Again, I’m conflating the difficulty of the problem with the capabilities of the agents here. Easier problems move towards the top left more quickly. The point, though, is that defect rate is going to be one of the main inputs into how many people can use an agent, irrespective of how well it does on its best days.
We can also frame the problem as a distribution of outcomes. The right tail is the positive capabilities that agents have, and is the part of the distribution that gets the most attention and effort. The left tail is the defects, the bad outcomes, which doesn’t get nearly as much attention but is probably more important as an area to invest in if you care about serving real customers and growing a real business on AI agents.
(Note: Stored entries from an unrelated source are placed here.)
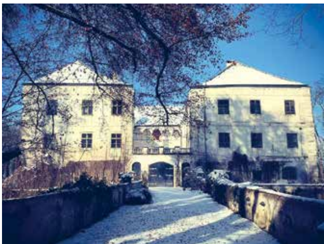
Winter in Schloss Katzenberg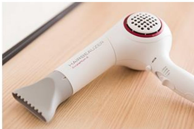
マッサージクッション (左) 美容ドライヤー「リュミエリーナ ヘアビューザー」(右)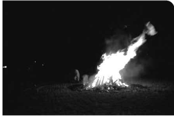
▶一気に燃え上がり小さくなった火を囲む(金山)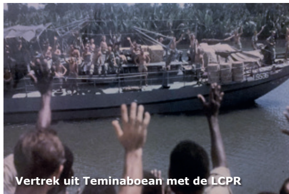
Vertrek uit Teminaboean met de LCPR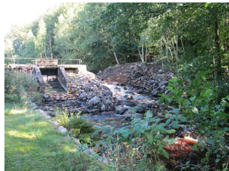
Figur 2. Sommaren 2014 öppnades delar av dammvallen upp och dammen sänktes av. Idag kan alla fiskarter vandra förbi dammet.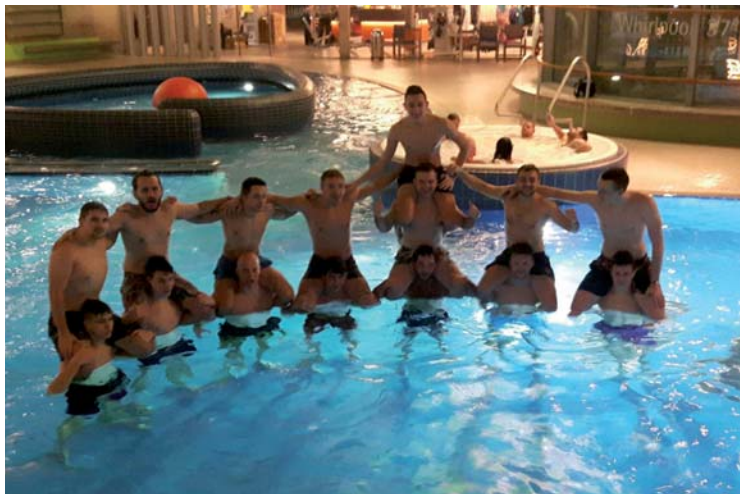
Unsere Aktiven - auch im Wasser obenauf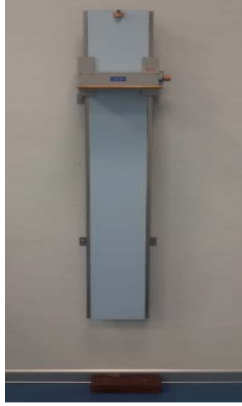
Şekil 1. Sabit Stadiometre

Boy Uzunluğu: Deneklerin boy uzunluğu ölçümleri hassasiyeti \pm 0.1\text{mm} olan stadiometre (Holtain Ltd, UK) ( Şekil 1 ) ile alınmıştır.

Somewhat amusingly, my favorite knowledge work agent took five tries to draw this Cauchy distribution SVG. The first version was a normal distribution, and the next three were weirdly spiky or discontinuous. At each step it insisted it was me that was wrong about what a Cauchy distribution looks like. Solidly in the bottom left corner here2.
I want to highlight some of the work we’re doing at AWS on agent correctness. This is just a sample of a large body of work, but shows the direction we’re heading it.
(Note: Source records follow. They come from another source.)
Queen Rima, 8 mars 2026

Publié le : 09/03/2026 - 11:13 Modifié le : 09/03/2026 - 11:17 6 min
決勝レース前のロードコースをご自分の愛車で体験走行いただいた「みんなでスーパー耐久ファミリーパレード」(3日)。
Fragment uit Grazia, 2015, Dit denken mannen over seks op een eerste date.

- Correct-by-construction coding tools and languages, like Hydro for distributed systems, and Cedar for auth. These are tools that agents can use to avoid entire classes of high-consequence defects3.
- Spec-driven development in agents like Kiro, which gives the coding agent additional big picture context that helps it evolve systems over time without regressing on key properties. Property-based testing is another example of the same pattern at a different scale.
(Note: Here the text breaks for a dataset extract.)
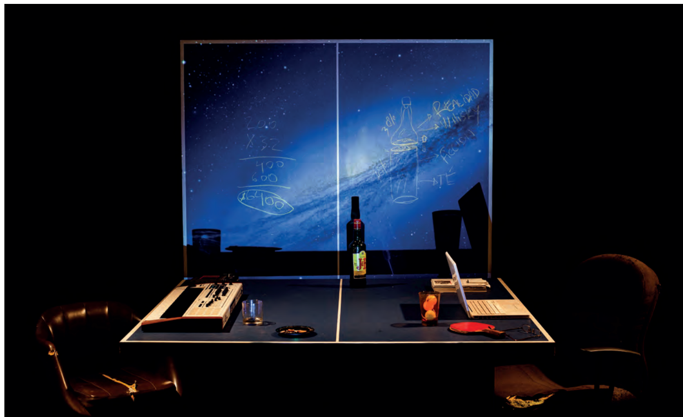
Las ideas de Federico León / © Ignacio Iasparra

- Code reasoning tools like Strata, powered by Lean, that allow agents to reason formally about properties of code.
- Autoformalization, turning natural language into precise formal implementations, in Bedrock AR Checks and AgentCore Policy, which remove whole classes of runtime defects (especially in critical places like tool call safety).
- Deterministic and precise policy for tools, in Trusted Remote Execution and AgentCore Policy, which precisely constrain agents tool call behavior.
- Principled approaches to deterministic agent steering, like Strands Steering, which can keep agents on the right path while still taking advantage of their power and flexibility.
This is also something that needs an industry-wide focus and attention, and not something we can do just by building tools. Some changes I’d like to see are:
- Benchmarks which capture failure severity, not just pass/fail. Pass@10 isn’t super meaningful if the other 9 swings were subtly and non-obviously wrong in consequential ways.
- An end to end view of dev agent success, not just code patching. Operations, cost, availability, durability, availability, security, performance, stability, etc. These are things that customers of software care about deeply, and aren’t captured well in existing benchmarks.
- A research program to develop a deep understanding of agentic AI failure modes, and a taxonomy of failures.
- A culture where we take our worst days as seriously as our best ones. In my recent conversation with Ryan Peterman I spoke a lot about AWS’s culture around learning from failures, and I think that’s a pattern we need industry-wide focus on in agentic AI.
As I said up front, I’m super optimistic about the future of this field. But I think that a lot of the conversation about risks is either silly sci-fi stuff, or straight-up denialism aimed at the right hand side of the distribution. There’s a really smart and important conversation to be had about the left hand side, but two few people having it today.
Footnotes
- But also hide model capabilities. Bad agentic harnesses and the wrong feedback can make a great model bad, and great feedback can make a bad model much better.
- I knew people would accuse me of being insufficiently bitter lesson pilled after this talk. The choice of the Cauchy distribution is a little easter egg for those people.
- Memory-safe languages like Rust are also in this category.